Analysis of continuous outcomes when a large proportion of the data are zeroes

Date & Time
Monday, September 4, 2023, 12:30 PM - 2:00 PM
Location Name
Session Type
Statistical methods
Sandercock J1, Geneen LJ1
1Systematic Review Initiative, NHS Blood and Transplant, Oxford, UK

Background: Continuous outcomes are not straightforward to analyse if there are a large proportion of zeroes, as frequently occurs with outcomes such as volume of blood transfused for conditions for which blood transfusion is not always necessary. Should we analyse volume per person randomised (PPR) or per person transfused (PPT)? If numbers randomised and transfused are both known, we can convert between PPR and PPT using the relationship between sums of squares familiar from analysis of variance, but several statistical and practical issues arise. Statistical Issues: Standard methods of analysis for continuous outcomes rely on the Central Limit Theorem. When the underlying distribution is extreme owing to a large proportion of zeroes in the data, an intention-to-treat analysis (PPR) may require sample sizes of many hundreds or even thousands before the sampling distribution of the mean is closely approximated by the normal distribution. A PPT analysis will converge with smaller sample sizes, but if only a small proportion required transfusion, this still requires a large number randomised. Practical Issues: Some trials report the mean volume transfused without reporting the number receiving a transfusion and so would be excluded from a PPT analysis. It is sometimes unclear whether a trial has reported PPR or PPT. Converting between PPR and PPT may produce impossible values (negative sums of squares), helping to clarify this. This may also highlight cases where a standard error has been mislabelled as a standard deviation.

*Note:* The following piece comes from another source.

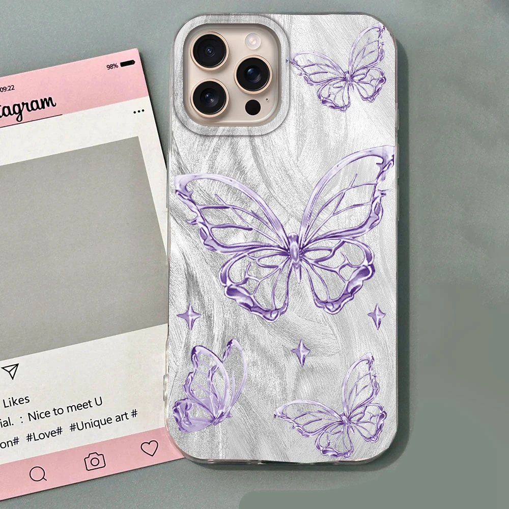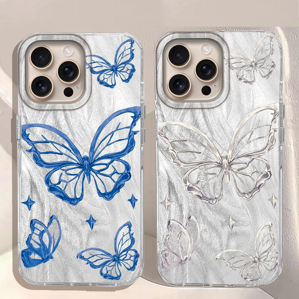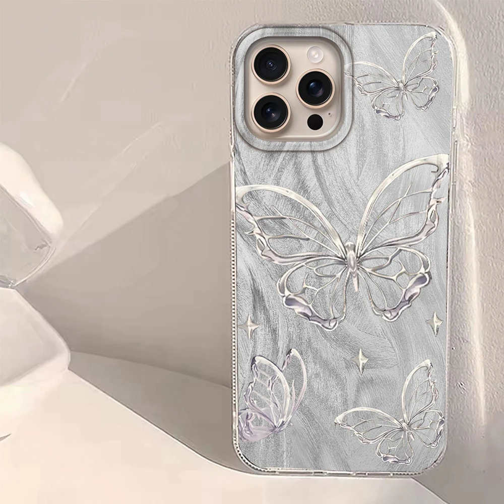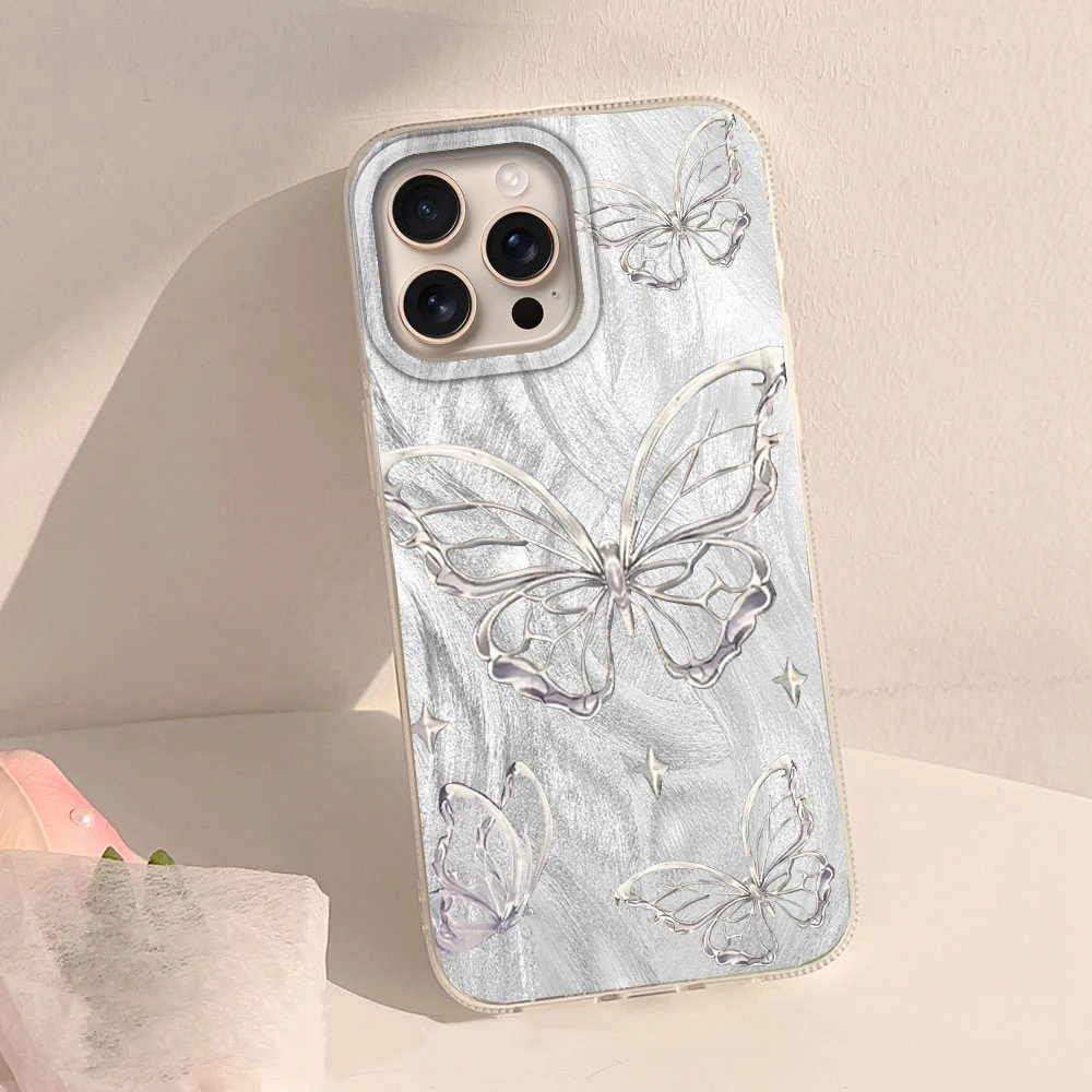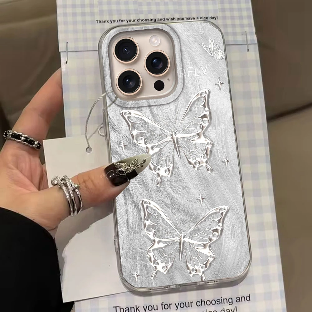 Comprar Funda de teléfono con textura de pluma y mariposa plateada láser para mujer, funda para iphone 16 15 14 7 8 Plus 13 11 12 Pro Max X XS XR SE 2022 16e
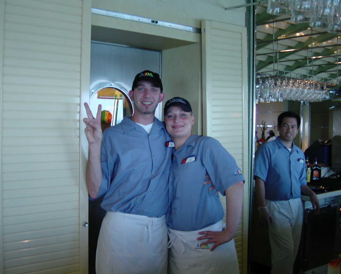 Chiefpurser "Michaela" und Chefanimateur "Ninette" im Juli 2000 auf der "AIDA"

Conclusions: When extracting these sorts of outcomes, it is important to be sure which value (PPR or PPT) was reported and to ensure that pooled results are all based on the same denominator. Extracted data should be carefully assessed for unusual or impossible values. There is no clear answer as to which analysis is best under any given circumstance; it may be useful to present both and note where the sample sizes available may not be sufficient to meet the underlying assumptions. We have produced a spreadsheet (available on request) to convert between PPR and PPT, including error flags and plots to help diagnose issues with the data extracted.
Patient, public and/or healthcare consumer involvement: None.